- [Exercise]
Leave the pictures out and write out exactly the lines from the top of the entries through the line containing "Настройки — Основные — Универсальный доступ;".

- [Dataset records]
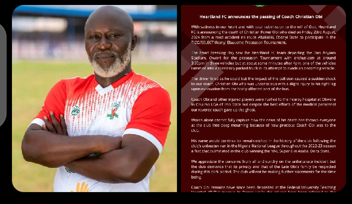Heartland FC has been plunged into mourning following the tragic death of their head coach, Christian Obi. The Nigeria National League (NNL) side confirmed that Obi lost his life in a ghastly road accident on Friday, as reported by Govima Sport.
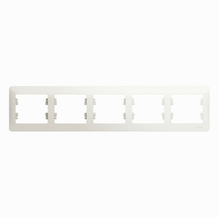 Рамка Systeme Electric (ранее Schneider Electric) серии Glossa (цвет перламутр) пятиместная. Устанавливается в горизонтальном положении. Выполнена из материала PС+ASA, стойкого к УФ-излучению и появлению царапин. Позволяет гармонично вписать электроустановочное изделие в интерьер помещения.
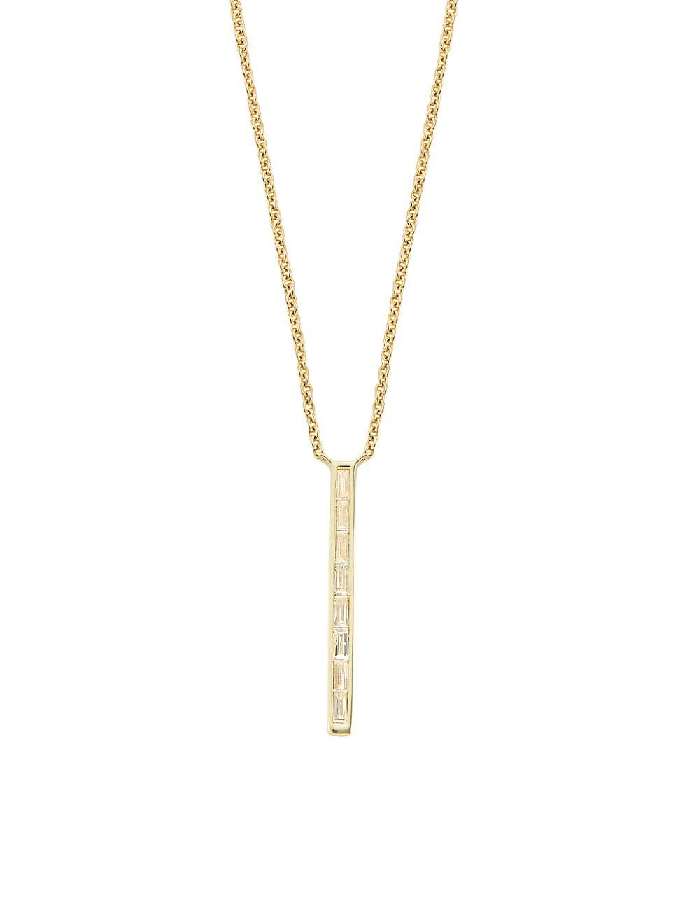 ONLY AT SAKS. Made of 14K yellow gold, Saks Fifth Avenue Collections necklace features a vertical bar pendant channel-set with sparkling baguette diamonds. This elegant embellishment hangs from a fine cable chain. Diamonds, 0.14 tcw Diamond color grade: H-I Diamond clarity grade: SI2-I1 14K yellow gold Lobster clasp Made in USA SIZE Adjustable chain length, about 18. Fashion Jewelry - Sfa Jewelry C > Saks Fifth Avenue Collection > Saks Fifth Avenue > Barneys. Saks Fifth Avenue Collection. Color: Yellow Gold.
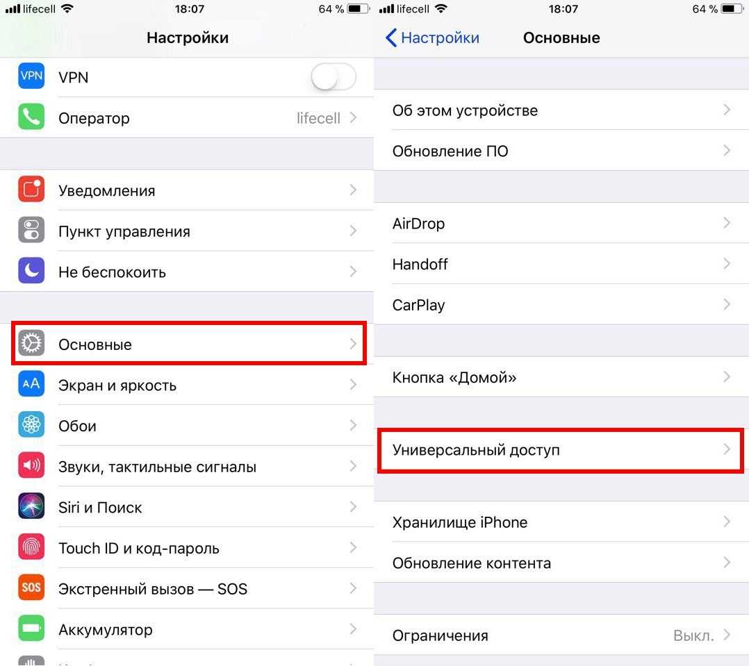 Настройки — Основные — Универсальный доступ;
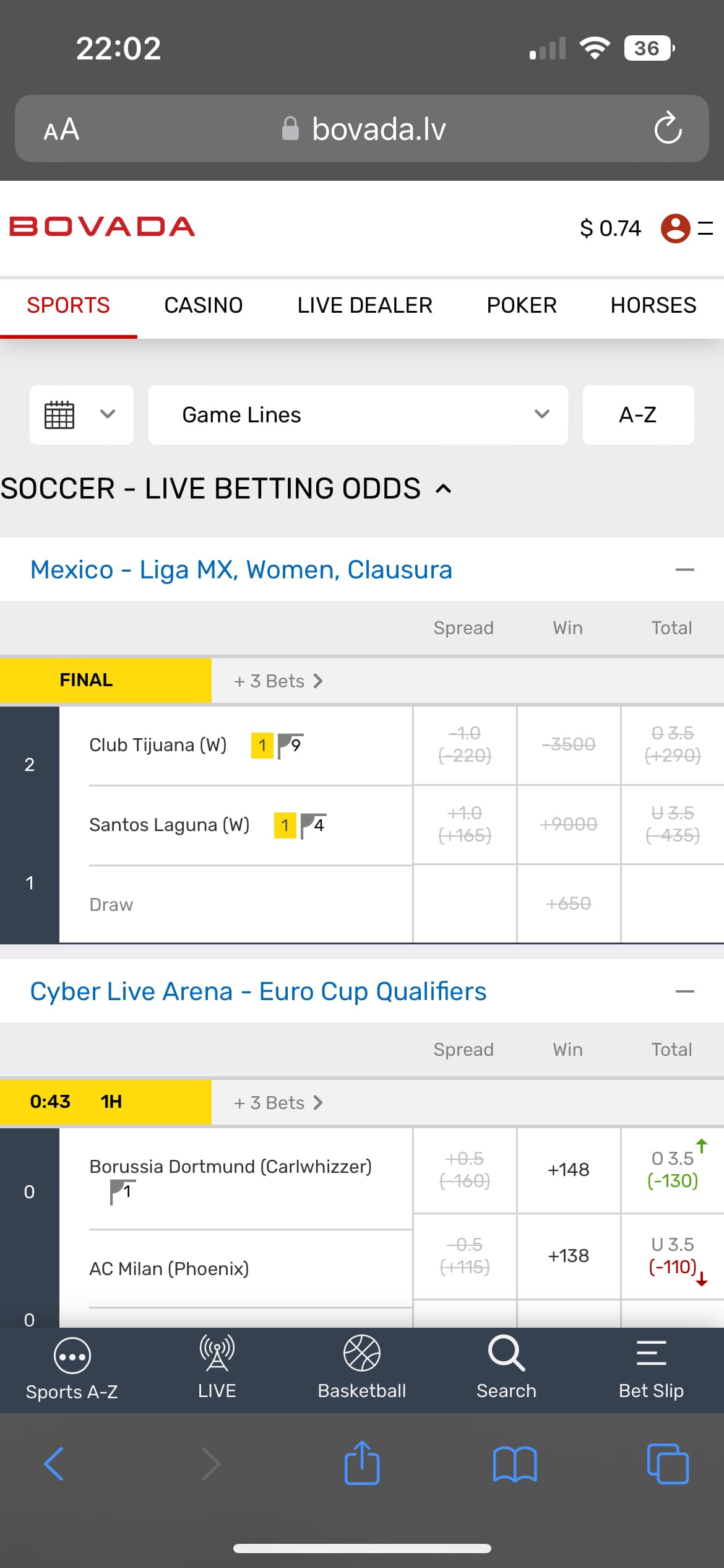 Hi tina I played a spread +1 twice santos laguna(w) and the scored ended 1-2 but the site called it a push. Thatâs def not a push. I had a recent game called a lost yesterday that shouldâve been a push. This is def wrong though. Ref. 23041718125455 And Ref. 23041718125225

- [Result of the task]
Heartland FC has been plunged into mourning following the tragic death of their head coach, Christian Obi. The Nigeria National League (NNL) side confirmed that Obi lost his life in a ghastly road accident on Friday, as reported by Govima Sport.
 Рамка Systeme Electric (ранее Schneider Electric) серии Glossa (цвет перламутр) пятиместная. Устанавливается в горизонтальном положении. Выполнена из материала PС+ASA, стойкого к УФ-излучению и появлению царапин. Позволяет гармонично вписать электроустановочное изделие в интерьер помещения.
 ONLY AT SAKS. Made of 14K yellow gold, Saks Fifth Avenue Collections necklace features a vertical bar pendant channel-set with sparkling baguette diamonds. This elegant embellishment hangs from a fine cable chain. Diamonds, 0.14 tcw Diamond color grade: H-I Diamond clarity grade: SI2-I1 14K yellow gold Lobster clasp Made in USA SIZE Adjustable chain length, about 18. Fashion Jewelry - Sfa Jewelry C > Saks Fifth Avenue Collection > Saks Fifth Avenue > Barneys. Saks Fifth Avenue Collection. Color: Yellow Gold.
 Настройки — Основные — Универсальный доступ;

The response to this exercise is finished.